Assigned task:
Transcribe the listing below verbatim, omitting pictures.

Information supplied:
# # #

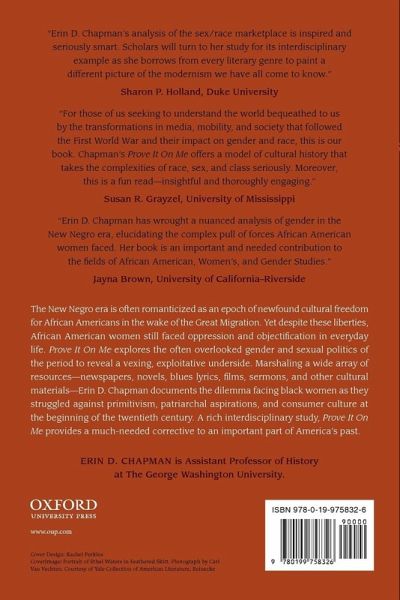Prove It On Me explores the sexual politics of the modern racial ethos and reveals the exploitative underside of the New Negro era. Analyzing intersecting primitivism, consumerism, and New Negro patriarchal aspirations, this history investigates the uses made of black women in 1920s racial politics and popular culture.
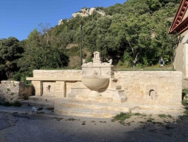 L’Ermitage, lieu ou St-Gens vivait, se situe à flanc de falaise sur une esplanade abritée du vent. On y trouve à l’entrée une fontaine aux sculptures du 18ème siècle, qui accueille les visiteurs. On y voit un loup et une vache, symboles de St-Gens, en référence à sa légende. Le départ de la réputée source se trouve au niveau d’un oratoire, un peu plus loin sur le chemin.
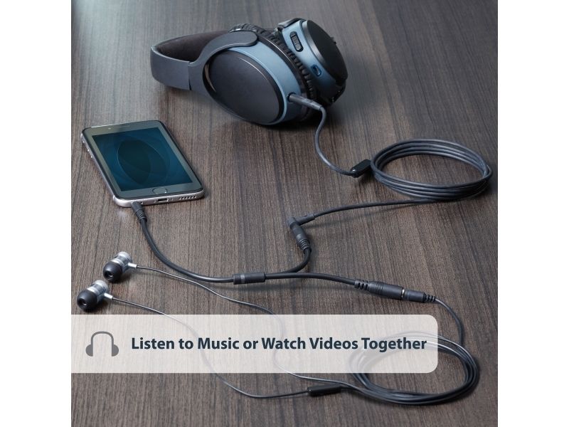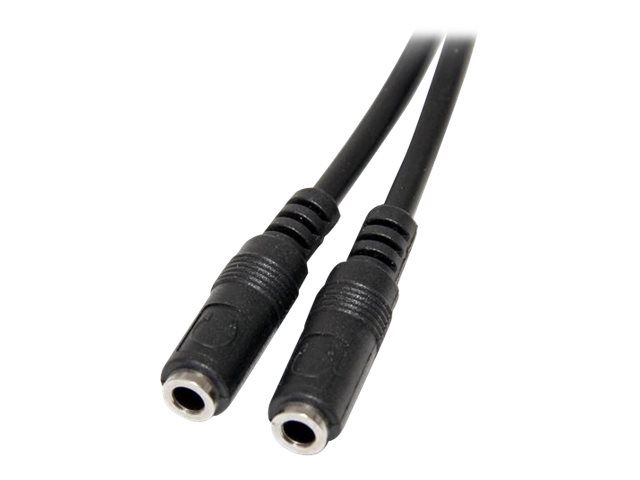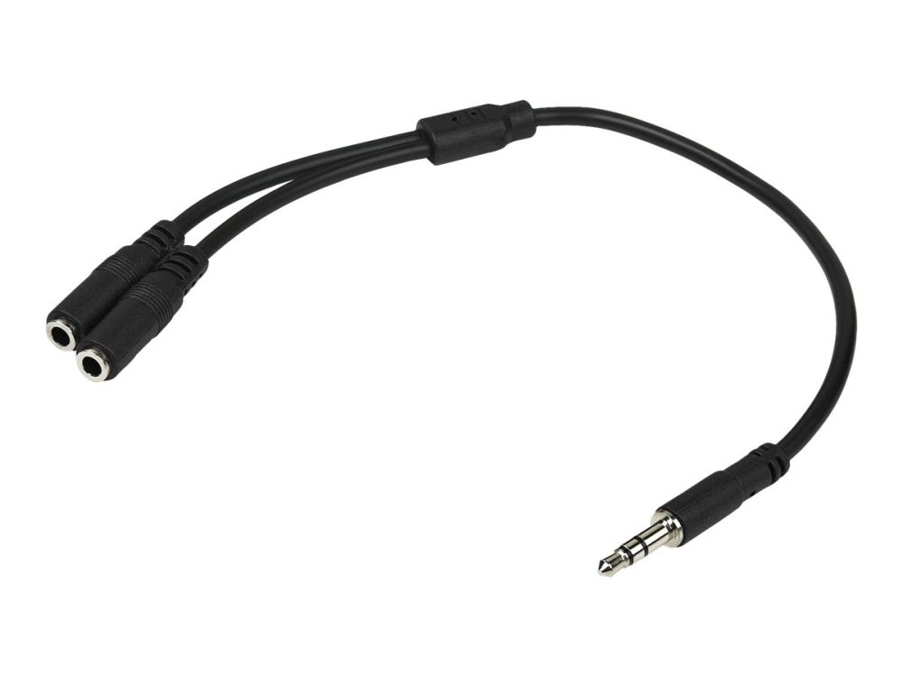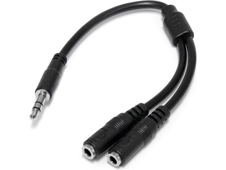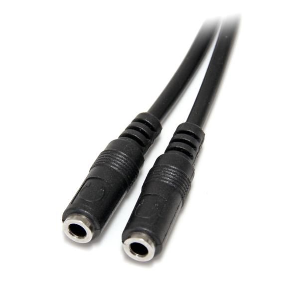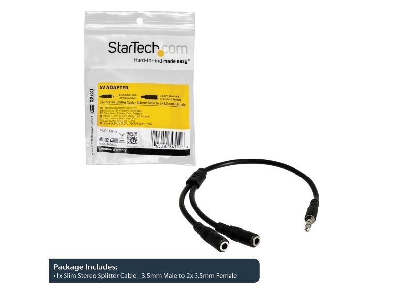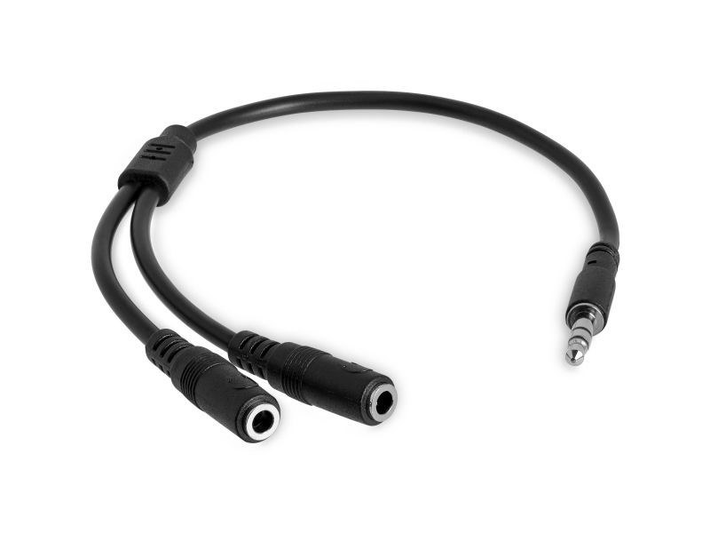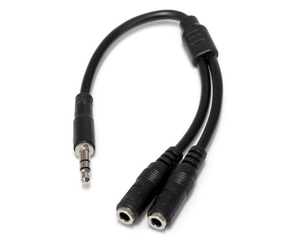 Split one headphone jack into two separate jacks. The MUY1MFFS Slim 3.5mm Stereo Splitter Cable/Y-cable features one 3.5mm male and two 3.5mm female audio connectors, splitting a single headphone jack into two.

# # #

Solution to the exercise:
Prove It On Me explores the sexual politics of the modern racial ethos and reveals the exploitative underside of the New Negro era. Analyzing intersecting primitivism, consumerism, and New Negro patriarchal aspirations, this history investigates the uses made of black women in 1920s racial politics and popular culture.
 L’Ermitage, lieu ou St-Gens vivait, se situe à flanc de falaise sur une esplanade abritée du vent. On y trouve à l’entrée une fontaine aux sculptures du 18ème siècle, qui accueille les visiteurs. On y voit un loup et une vache, symboles de St-Gens, en référence à sa légende. Le départ de la réputée source se trouve au niveau d’un oratoire, un peu plus loin sur le chemin.
 Split one headphone jack into two separate jacks. The MUY1MFFS Slim 3.5mm Stereo Splitter Cable/Y-cable features one 3.5mm male and two 3.5mm female audio connectors, splitting a single headphone jack into two.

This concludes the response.